Penne-Like MoS2/Carbon Nanocomposite as Anode for Sodium-Ion-Based Dual-Ion Battery

Date:02-04-2018   |   【Print】 【close

Dual-ion batteries (DIBs) have recently attracted increasing attention owing to the merits of high voltage, high energy density, low cost, and environmental friendliness, which typically consist of graphite cathode for anion intercalation and graphite anode for Li+ intercalation. However, most of the reported DIBs are mainly based on Li-ion electrolyte, which hinders their long-term development taking into account of the limited and unevenly distributed lithium resource. Sodium-ion based DIBs thus show more promising potential owing to the merits of low cost. However, traditional graphite anode is not appropriate for Na-DIBs, owing to the larger size of Na+ that fails to reversibly intercalate/deintercalate into/from graphite anode. Therefore, designing appropriate anode materials plays an important role on developing high-performance Na-DIBs.


A research group led by Prof. TANG Yongbing from Shenzhen Institute of Advanced Technology (SIAT), Chinese Academy of Sciences has firstly constructed a novel MoS2/C-graphite DIB (named as MoS2/C-G DIB) based on a sodium-ion electrolyte, employing penne-like MoS2/C nanotube as anode material and expanded graphite as cathode material. The hierarchical MoS2/C nanotube can supply a significantly expanded (002) interlayer spacing with 0.98 nm of the 2H-MoS2, which facilitates fast Na+ insertion/extraction reaction kinetics, thus contributing to improved DIB performance.

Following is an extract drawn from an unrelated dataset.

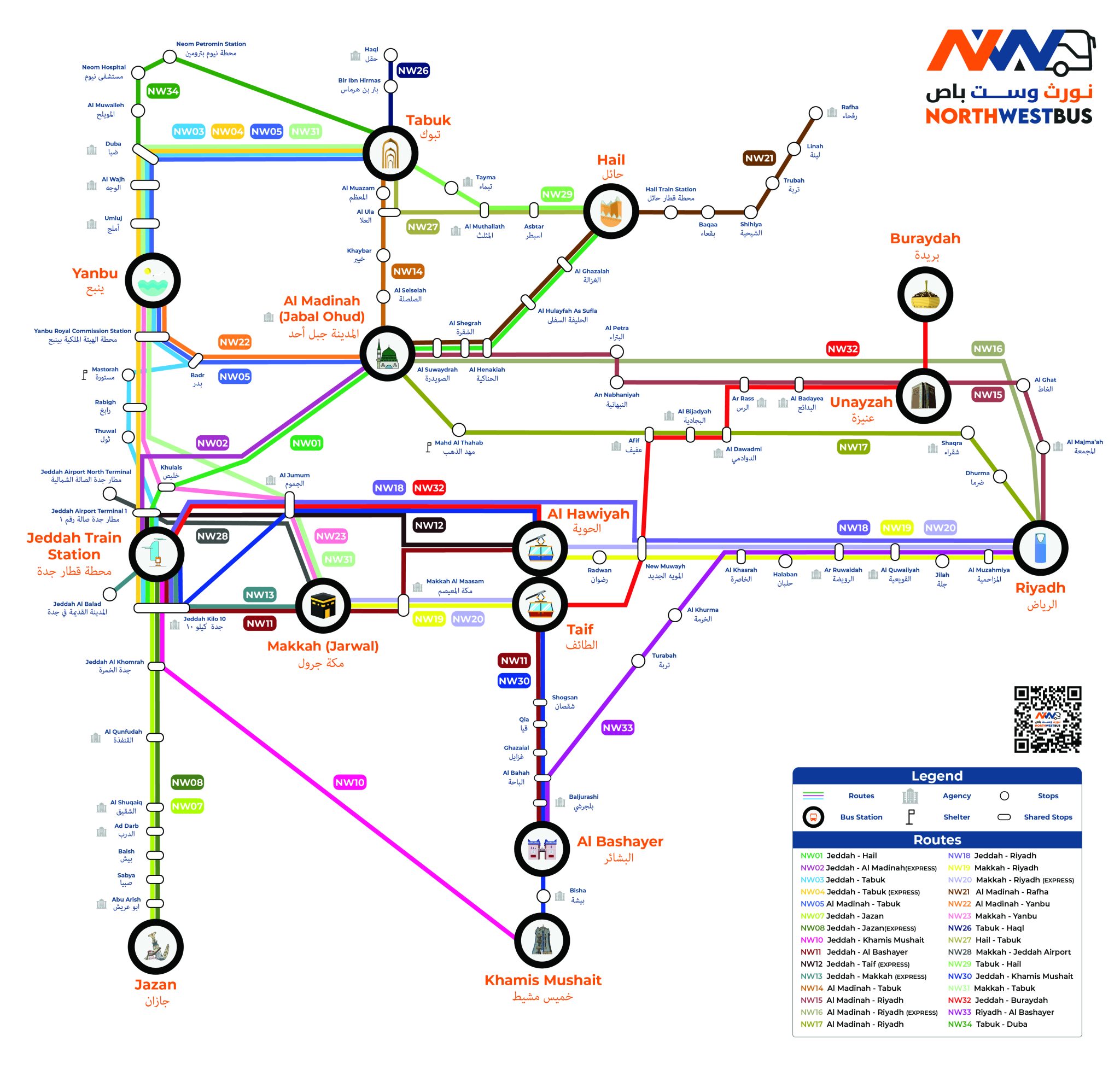 تفتخر حافلات الشمال الغربي بشبكة واسعة من الفروع والمحطات ذات المواقع الإستراتيجية. تقدم فروعنا خدمات متنوعة، بينما تضمن محطات التوقف المريحة لدينا سفرًا مريحًا وسهل الوصول إليه. ومع تواجدنا على نطاق واسع، نضمن رحلة سلسة للركاب عبر مختلف المواقع.

As a result, the MoS2/C-G DIB was demonstrated to deliver a reversible discharge capacity of 65 mAh g-1 at 2 C over the voltage range of 1.0-4.0 V, which also exhibited good cycling stability for over 200 cycles with 85% capacity retention. All these results indicate that the design of MoS2/C-G DIB paves a new avenue for developing high-performance and low-cost energy storage devices.


The paper entitled “Penne-like MoS2/carbon nanocomposite as anode for sodium-ion-based dual-ion battery” has been published in Small.


The research work has been supported by the National Nature Science Foundation of China, Shenzhen Peacock Plan, and Shenzhen Science and Technology Planning Project.